Bass Lesson: Melodic Minor Scale

What is the Melodic Minor scale?

The melodic minor scale is a great tool for exploring sounds that are non-diatonic. The scale structure is very similar to a diatonic major scale – there are 8 notes and there is either a whole or a half step in between all of them.

In C-major you have the notes as shown above C-D-E-F-G-A-B – which corresponds to the scale formular in scale-degrees 1-2-3-4-5-6-7.

The melodic minor scale in C is very similar to C major. You only have to change one note – you have to lower the major third to a minor third. The note E becomes an Eb.

The scale formular is 1-2-b3-4-5-6-7

It’s useful to be able to think of this scale in different perspectives – when you visualize your fretboard try to think of the scale as a major scale with a low third or for an example a dorian scale with a major 7.

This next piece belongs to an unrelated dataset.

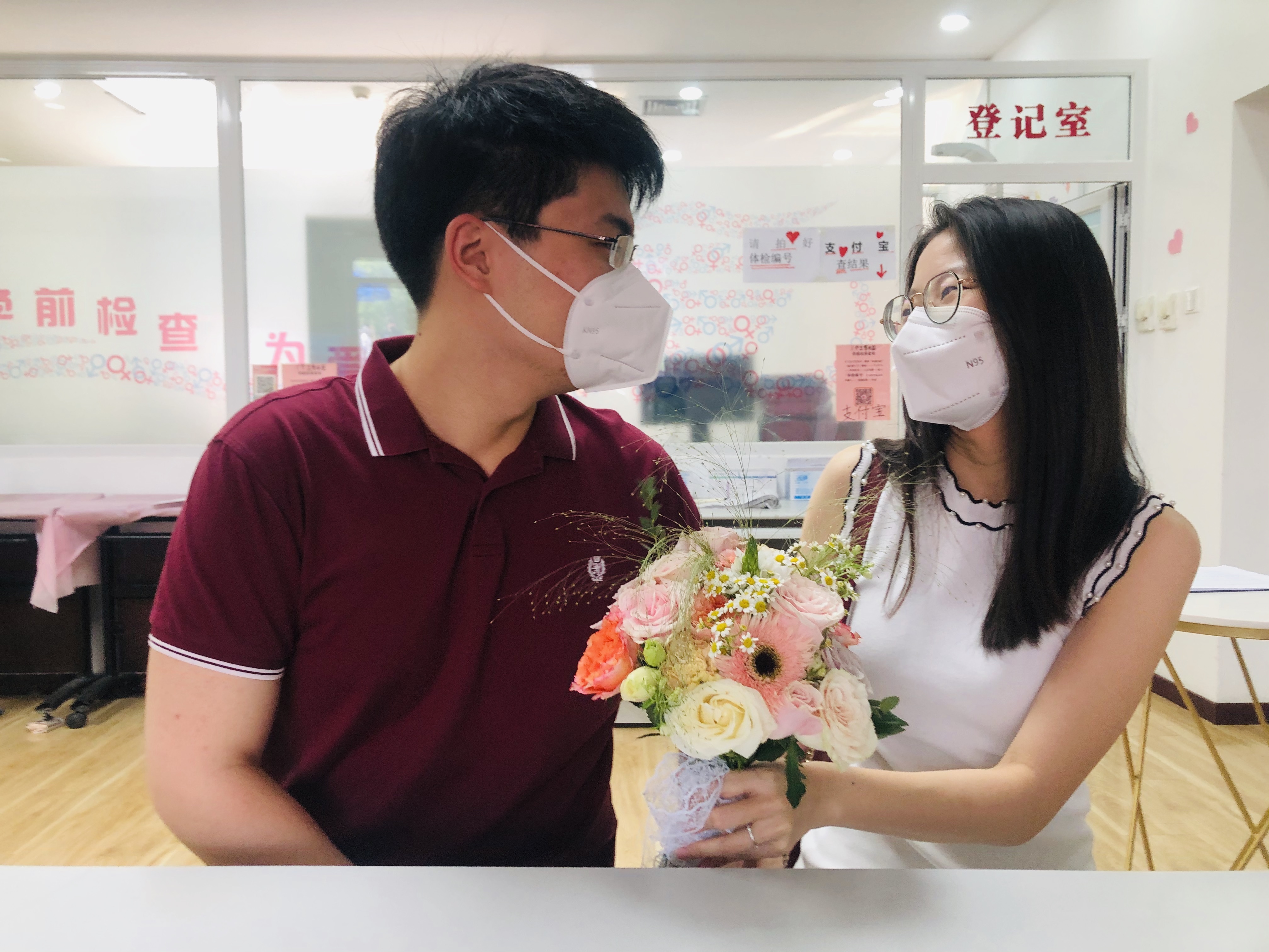 由于登记预约量大,日常各婚姻登记机关提供的宣誓颁证、新婚讲堂、婚姻家庭辅导和上门服务等非婚姻登记法定程序的各项延展性服务都暂停开放。记者注意到,现场很多新人选择在登记这天穿上了情侣服装,还有一些新人拿着鲜花拍照留念。

  • Try to play the melodic minor scale in one octave in every key on your instrument
  • Improvise with a practice drone to internalize the sound


1 2 3 4 5 6 7
1 2 b3 4 5 6 b7
1 b2 b3 4 5 b6 b7
1 2 3 #4 5 6 7
1 2 3 4 5 6 b7
1 2 b3 4 5 b6 b7
1 b2 b3 4 b5 b6 b7  
Major modes

Just like you have the modes Ionian, Dorian, Phrygian, Lydian, Mixolydian, Aeolian and Locrian in the diatonic system – you also have scale modes in the melodic minor scale.

They are closely related to the diatonic modes as there only is a one note difference between melodic minor and the major scale.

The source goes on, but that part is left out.